**EXERCISE**
For this exercise, write out only the lines of the entries below from the one with "t2新品★送料無料★pierrot 6789円★上下2点セット 長袖ニット" up to and including the one with "приятное расписание. Всего", exactly as they are. Pictures stay out.

**DATA**
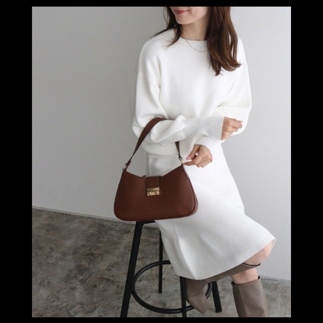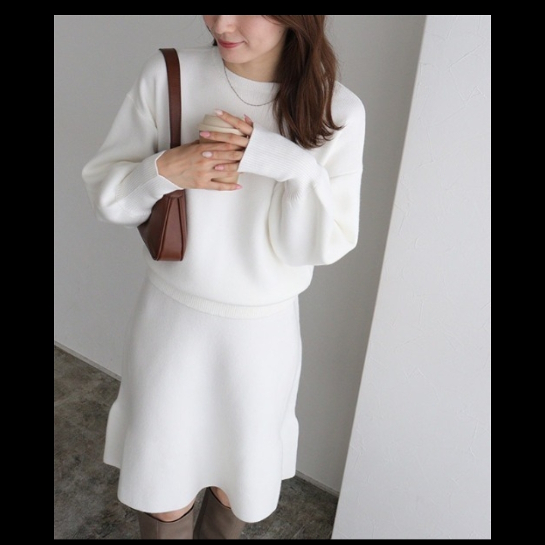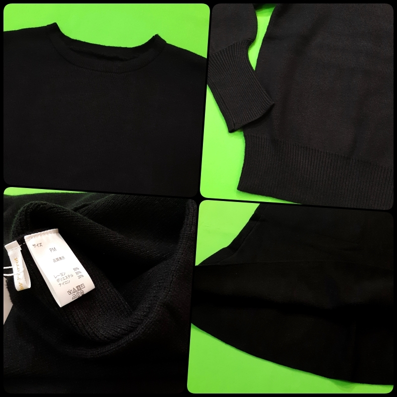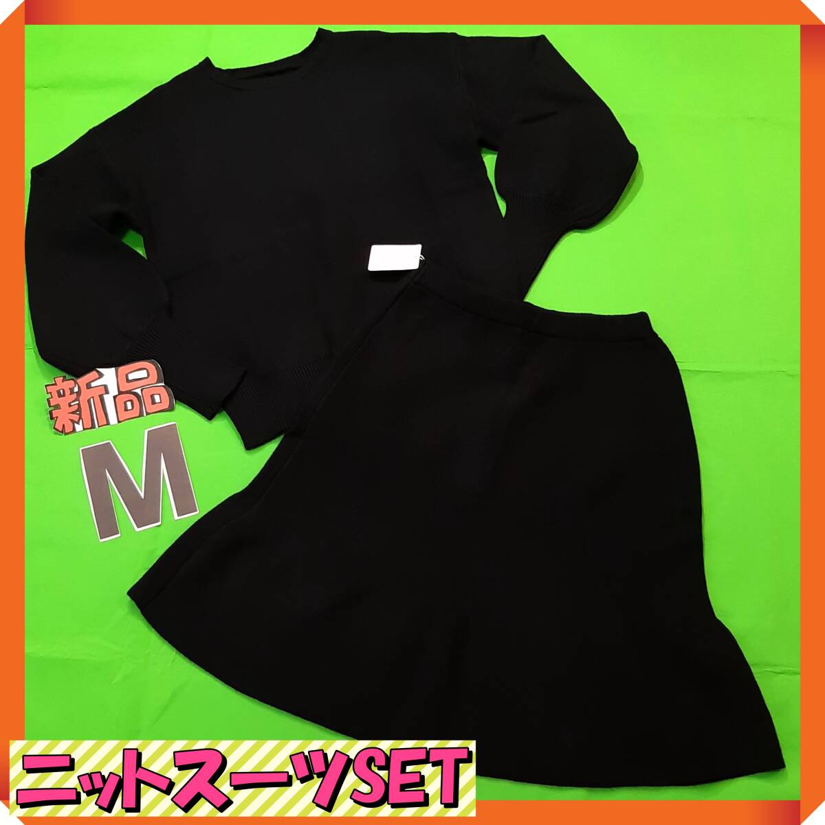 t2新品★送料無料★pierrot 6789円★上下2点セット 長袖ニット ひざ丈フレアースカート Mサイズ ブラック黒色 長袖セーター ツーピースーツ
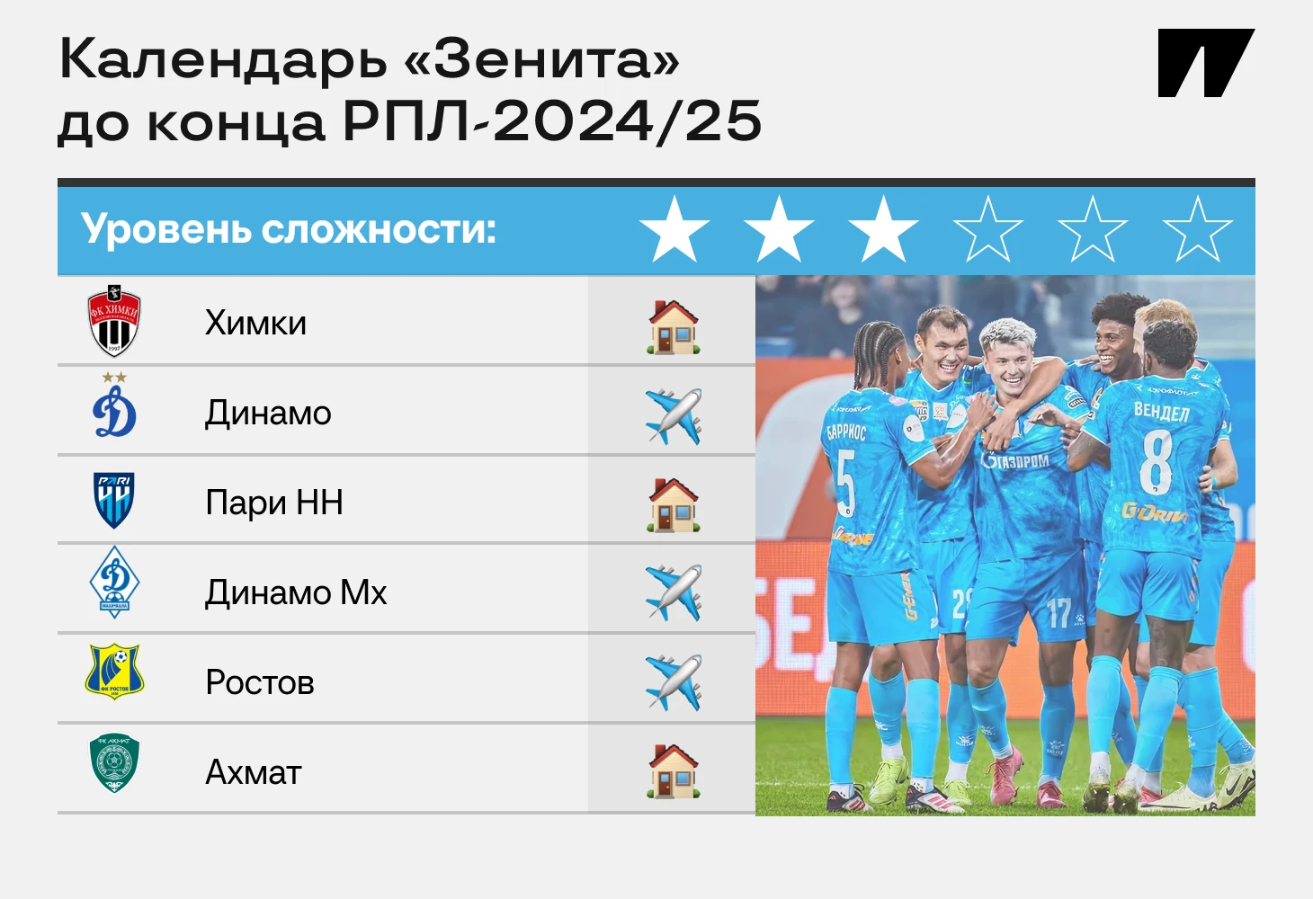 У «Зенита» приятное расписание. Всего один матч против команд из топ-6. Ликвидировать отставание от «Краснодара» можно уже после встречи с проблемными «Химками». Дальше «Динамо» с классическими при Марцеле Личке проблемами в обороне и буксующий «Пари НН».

==

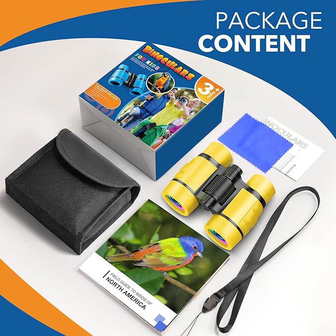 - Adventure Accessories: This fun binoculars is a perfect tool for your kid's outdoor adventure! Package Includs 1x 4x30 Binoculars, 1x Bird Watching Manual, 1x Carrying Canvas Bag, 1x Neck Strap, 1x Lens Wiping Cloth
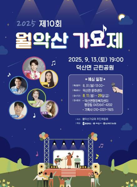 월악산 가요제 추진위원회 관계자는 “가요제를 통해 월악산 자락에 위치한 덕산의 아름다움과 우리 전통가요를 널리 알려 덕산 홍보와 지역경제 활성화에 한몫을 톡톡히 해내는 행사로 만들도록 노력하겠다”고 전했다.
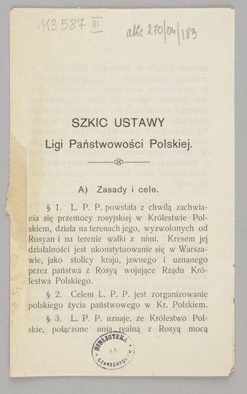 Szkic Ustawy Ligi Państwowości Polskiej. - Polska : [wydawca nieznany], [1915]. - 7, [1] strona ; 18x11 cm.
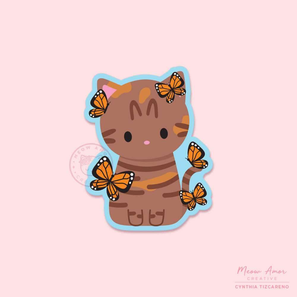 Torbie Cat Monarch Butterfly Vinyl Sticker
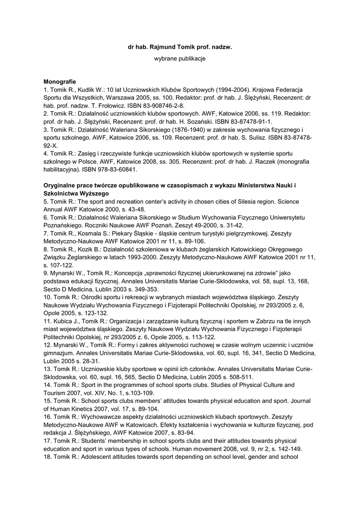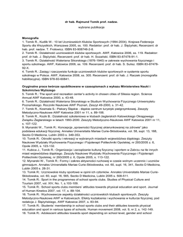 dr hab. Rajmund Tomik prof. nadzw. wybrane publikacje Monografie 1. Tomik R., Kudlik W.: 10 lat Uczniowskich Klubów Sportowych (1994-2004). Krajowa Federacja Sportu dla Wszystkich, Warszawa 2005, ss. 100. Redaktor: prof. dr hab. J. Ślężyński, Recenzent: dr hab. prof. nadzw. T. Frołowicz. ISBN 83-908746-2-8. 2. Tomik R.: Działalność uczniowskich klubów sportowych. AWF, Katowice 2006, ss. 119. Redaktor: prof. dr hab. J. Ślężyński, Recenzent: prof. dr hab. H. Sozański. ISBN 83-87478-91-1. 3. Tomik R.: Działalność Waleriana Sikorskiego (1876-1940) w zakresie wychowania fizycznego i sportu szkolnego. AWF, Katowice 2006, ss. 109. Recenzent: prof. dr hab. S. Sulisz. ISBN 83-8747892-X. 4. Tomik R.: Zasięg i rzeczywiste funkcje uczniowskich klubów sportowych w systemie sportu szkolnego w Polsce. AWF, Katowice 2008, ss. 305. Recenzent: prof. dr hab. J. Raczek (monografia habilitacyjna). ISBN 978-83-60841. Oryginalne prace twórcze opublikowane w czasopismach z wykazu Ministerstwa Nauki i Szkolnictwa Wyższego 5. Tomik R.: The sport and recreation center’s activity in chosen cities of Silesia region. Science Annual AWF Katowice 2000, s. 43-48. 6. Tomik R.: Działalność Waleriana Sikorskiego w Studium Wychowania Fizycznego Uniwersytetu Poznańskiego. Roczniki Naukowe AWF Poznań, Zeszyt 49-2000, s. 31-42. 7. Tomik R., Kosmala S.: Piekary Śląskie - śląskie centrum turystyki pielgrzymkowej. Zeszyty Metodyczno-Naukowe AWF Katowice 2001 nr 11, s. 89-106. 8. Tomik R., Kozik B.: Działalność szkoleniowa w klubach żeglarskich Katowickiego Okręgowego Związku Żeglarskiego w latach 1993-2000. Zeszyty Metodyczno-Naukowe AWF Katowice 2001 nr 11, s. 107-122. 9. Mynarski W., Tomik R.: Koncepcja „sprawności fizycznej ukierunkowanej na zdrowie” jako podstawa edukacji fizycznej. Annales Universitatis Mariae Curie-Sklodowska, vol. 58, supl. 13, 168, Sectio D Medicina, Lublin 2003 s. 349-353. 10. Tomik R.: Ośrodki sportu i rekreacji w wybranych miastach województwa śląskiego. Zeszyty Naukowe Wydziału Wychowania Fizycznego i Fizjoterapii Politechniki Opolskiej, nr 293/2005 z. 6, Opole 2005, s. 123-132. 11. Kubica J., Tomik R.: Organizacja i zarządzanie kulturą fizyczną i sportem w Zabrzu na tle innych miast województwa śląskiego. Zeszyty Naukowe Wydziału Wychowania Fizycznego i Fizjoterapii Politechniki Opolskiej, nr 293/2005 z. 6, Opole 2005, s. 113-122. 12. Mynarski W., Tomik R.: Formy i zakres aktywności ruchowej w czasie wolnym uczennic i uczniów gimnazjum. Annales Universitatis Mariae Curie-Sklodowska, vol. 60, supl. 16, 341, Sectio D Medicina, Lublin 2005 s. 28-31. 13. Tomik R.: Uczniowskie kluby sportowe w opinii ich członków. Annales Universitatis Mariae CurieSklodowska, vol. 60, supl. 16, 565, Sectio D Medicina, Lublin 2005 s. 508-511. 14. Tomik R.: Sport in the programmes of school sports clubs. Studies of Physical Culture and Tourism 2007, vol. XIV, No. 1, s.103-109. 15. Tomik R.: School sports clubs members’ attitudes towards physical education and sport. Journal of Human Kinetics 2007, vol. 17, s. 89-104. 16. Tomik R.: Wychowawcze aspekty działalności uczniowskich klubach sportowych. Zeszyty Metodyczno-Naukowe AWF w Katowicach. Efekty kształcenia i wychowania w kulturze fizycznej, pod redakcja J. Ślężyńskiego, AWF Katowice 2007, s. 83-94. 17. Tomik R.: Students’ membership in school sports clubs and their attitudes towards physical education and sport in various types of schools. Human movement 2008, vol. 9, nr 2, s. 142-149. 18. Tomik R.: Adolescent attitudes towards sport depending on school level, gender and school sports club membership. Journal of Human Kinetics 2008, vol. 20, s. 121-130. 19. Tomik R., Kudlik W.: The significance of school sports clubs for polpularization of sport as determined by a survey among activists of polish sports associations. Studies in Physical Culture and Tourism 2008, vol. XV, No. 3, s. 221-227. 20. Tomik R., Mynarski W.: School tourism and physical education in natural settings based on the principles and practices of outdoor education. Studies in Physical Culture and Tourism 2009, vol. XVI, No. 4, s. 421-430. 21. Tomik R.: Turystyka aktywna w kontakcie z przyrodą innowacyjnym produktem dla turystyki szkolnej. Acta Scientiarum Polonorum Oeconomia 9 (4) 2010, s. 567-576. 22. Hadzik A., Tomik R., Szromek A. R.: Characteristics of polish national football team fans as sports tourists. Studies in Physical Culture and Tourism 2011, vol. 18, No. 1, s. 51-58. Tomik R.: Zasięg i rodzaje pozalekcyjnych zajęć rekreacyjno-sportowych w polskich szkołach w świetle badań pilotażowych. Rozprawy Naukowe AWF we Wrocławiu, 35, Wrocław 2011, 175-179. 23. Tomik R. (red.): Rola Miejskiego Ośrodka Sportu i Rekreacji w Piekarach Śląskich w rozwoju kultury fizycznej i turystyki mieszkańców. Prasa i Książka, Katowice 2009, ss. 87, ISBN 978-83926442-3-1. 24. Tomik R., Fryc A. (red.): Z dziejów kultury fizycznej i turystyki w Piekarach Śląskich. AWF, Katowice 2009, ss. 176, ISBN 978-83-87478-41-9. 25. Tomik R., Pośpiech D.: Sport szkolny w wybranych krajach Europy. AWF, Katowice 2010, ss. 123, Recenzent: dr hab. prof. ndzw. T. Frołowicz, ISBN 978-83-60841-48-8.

**SOLVED EXERCISE**
 t2新品★送料無料★pierrot 6789円★上下2点セット 長袖ニット ひざ丈フレアースカート Mサイズ ブラック黒色 長袖セーター ツーピースーツ
 У «Зенита» приятное расписание. Всего один матч против команд из топ-6. Ликвидировать отставание от «Краснодара» можно уже после встречи с проблемными «Химками». Дальше «Динамо» с классическими при Марцеле Личке проблемами в обороне и буксующий «Пари НН».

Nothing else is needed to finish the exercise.